(Beginning of INPUT DATA)

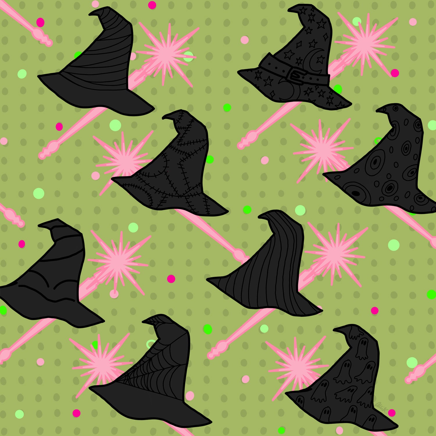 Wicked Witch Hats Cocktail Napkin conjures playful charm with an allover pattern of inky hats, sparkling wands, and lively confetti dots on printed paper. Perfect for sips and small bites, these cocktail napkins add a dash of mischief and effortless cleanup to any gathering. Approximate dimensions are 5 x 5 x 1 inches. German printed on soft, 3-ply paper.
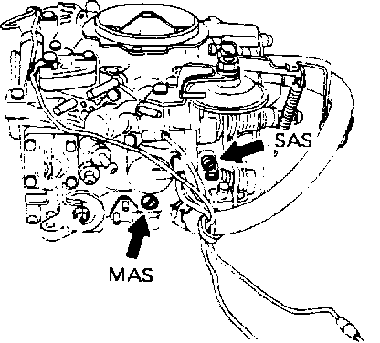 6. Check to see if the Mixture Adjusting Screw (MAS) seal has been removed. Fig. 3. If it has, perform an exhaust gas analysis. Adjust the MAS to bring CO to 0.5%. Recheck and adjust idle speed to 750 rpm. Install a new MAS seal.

(End of INPUT DATA)
(Beginning of INPUT DATA)

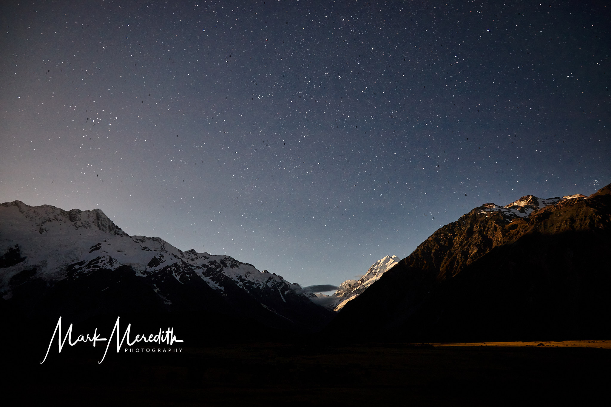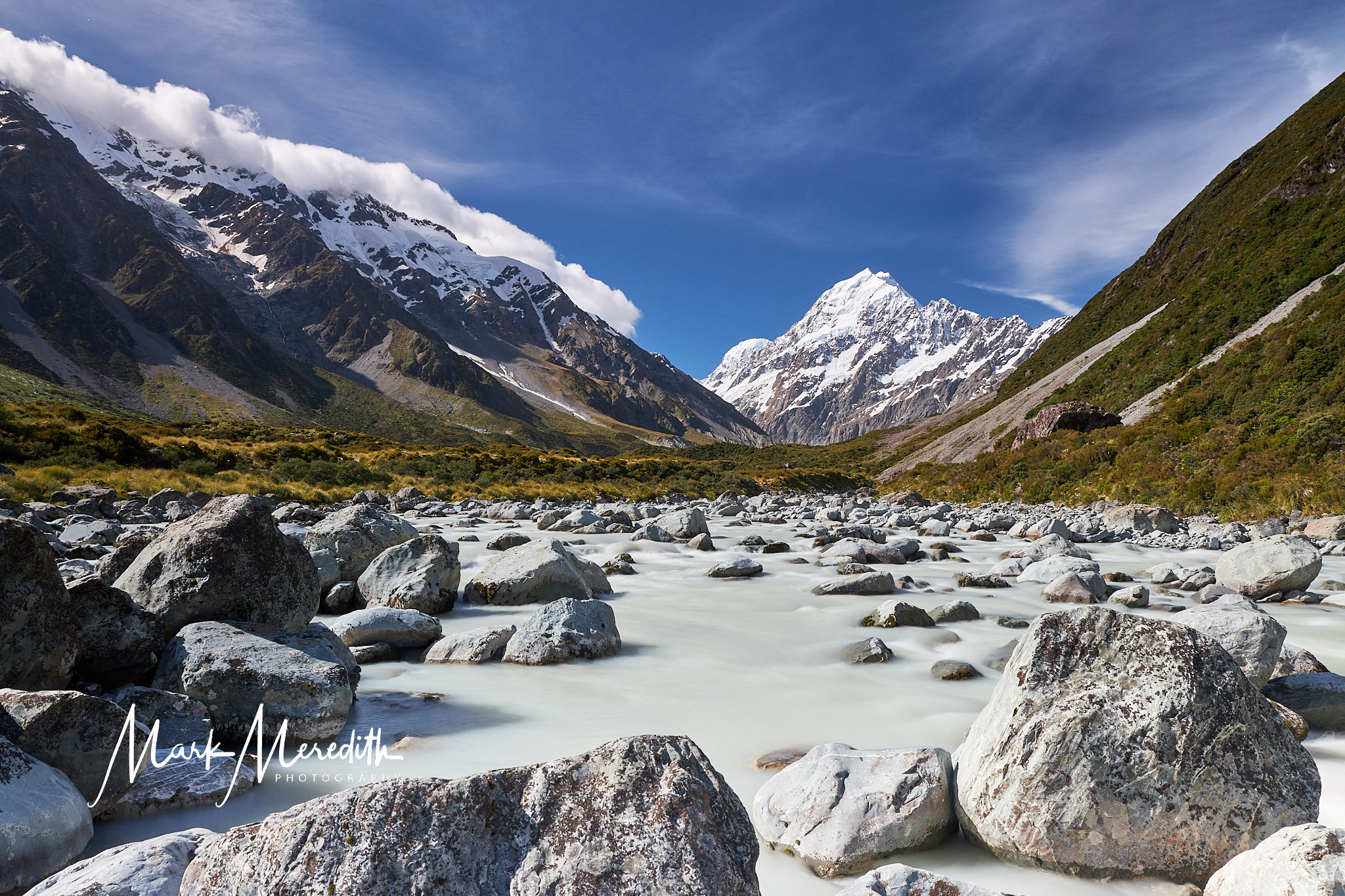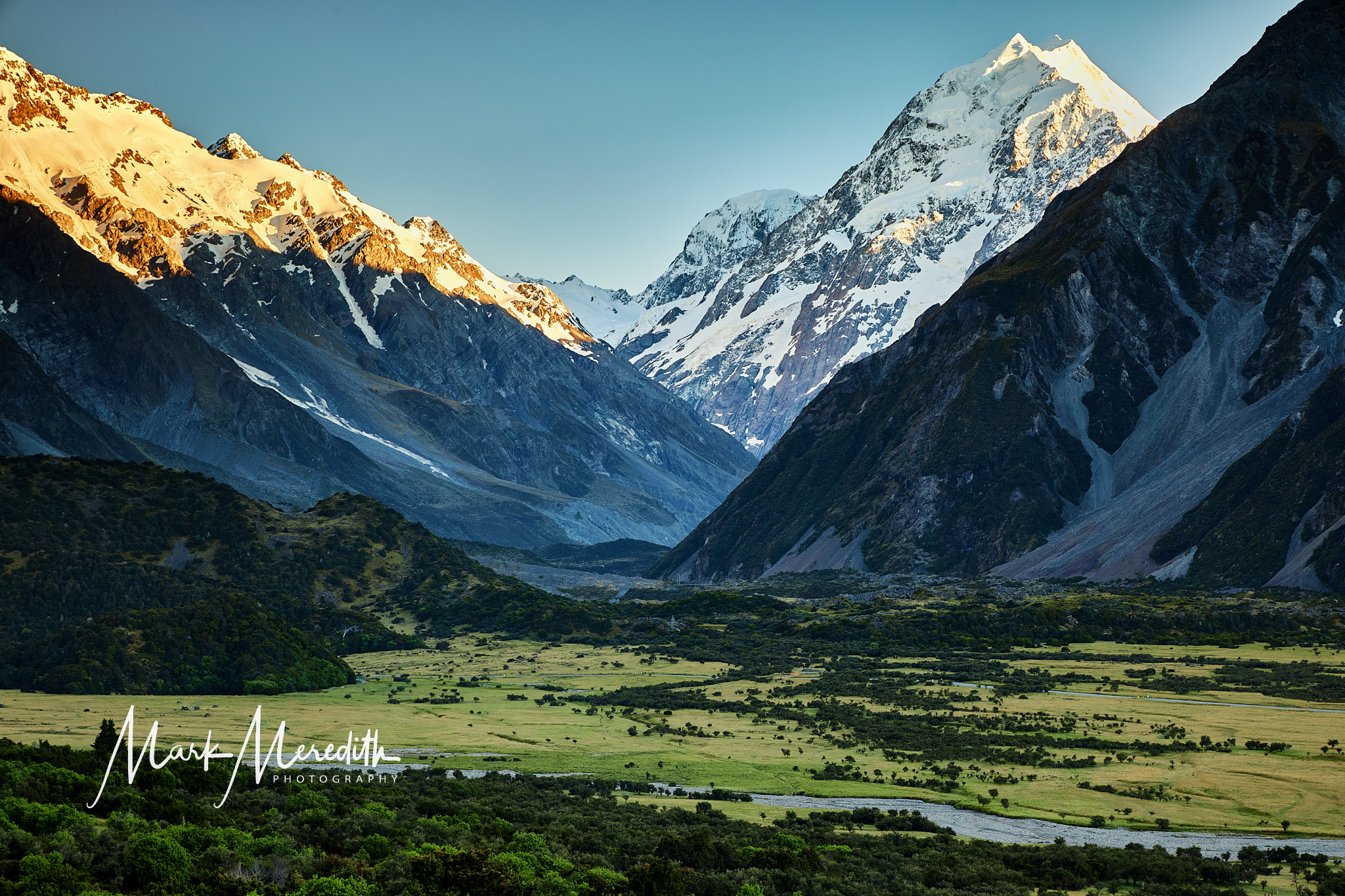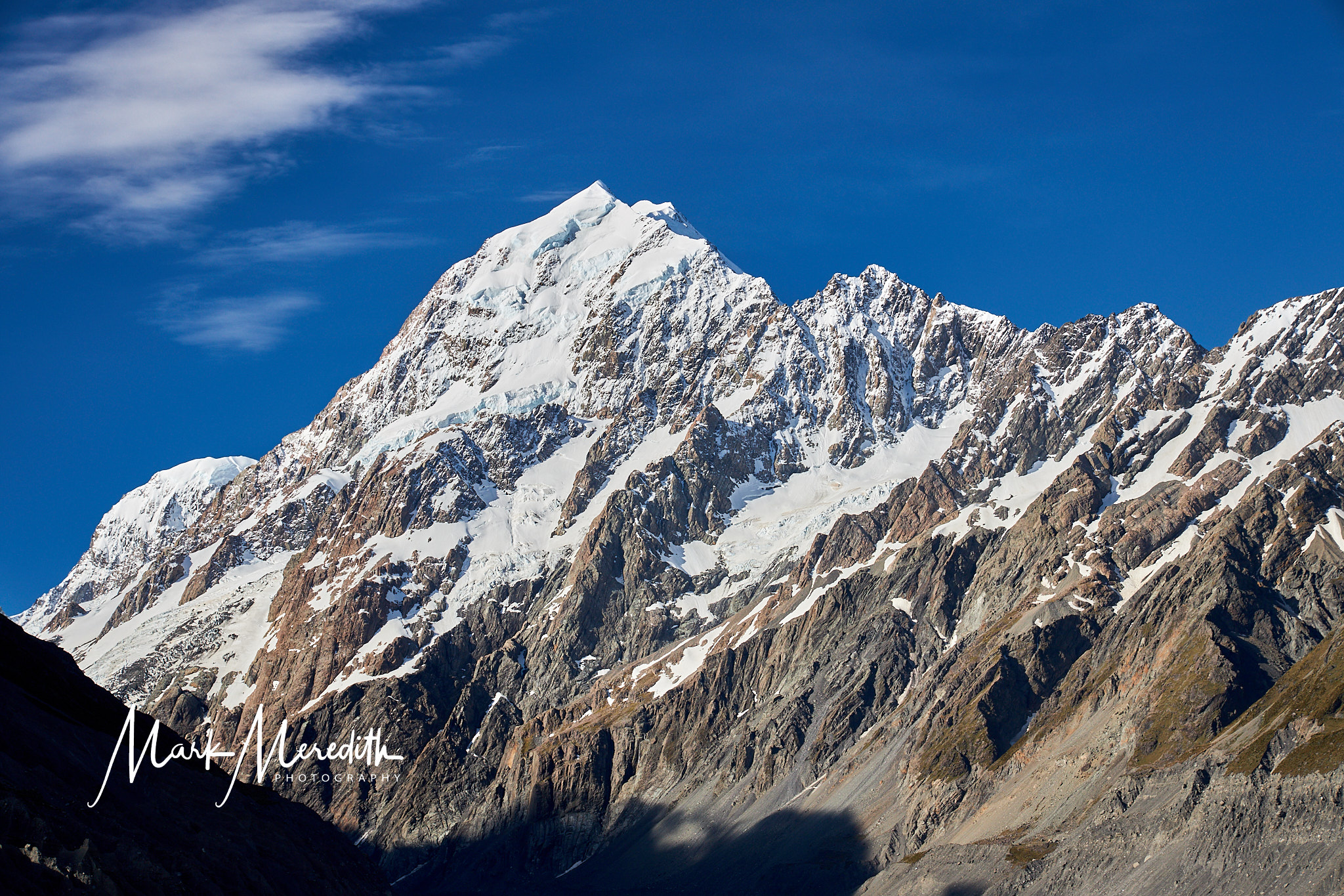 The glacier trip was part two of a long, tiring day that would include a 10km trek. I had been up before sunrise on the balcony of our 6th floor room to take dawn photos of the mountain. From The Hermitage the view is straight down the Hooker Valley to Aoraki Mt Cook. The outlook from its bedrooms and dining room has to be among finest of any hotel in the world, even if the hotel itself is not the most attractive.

(End of INPUT DATA)

#### [EXERCISE DETAILS]
Starting at the line above that holds "Wicked Witch Hats", return each line up to and including the one that holds "6. Check to", exactly as written, minus any pictures.

#### [RESPONSE]
 Wicked Witch Hats Cocktail Napkin conjures playful charm with an allover pattern of inky hats, sparkling wands, and lively confetti dots on printed paper. Perfect for sips and small bites, these cocktail napkins add a dash of mischief and effortless cleanup to any gathering. Approximate dimensions are 5 x 5 x 1 inches. German printed on soft, 3-ply paper.
 6. Check to see if the Mixture Adjusting Screw (MAS) seal has been removed. Fig. 3. If it has, perform an exhaust gas analysis. Adjust the MAS to bring CO to 0.5%. Recheck and adjust idle speed to 750 rpm. Install a new MAS seal.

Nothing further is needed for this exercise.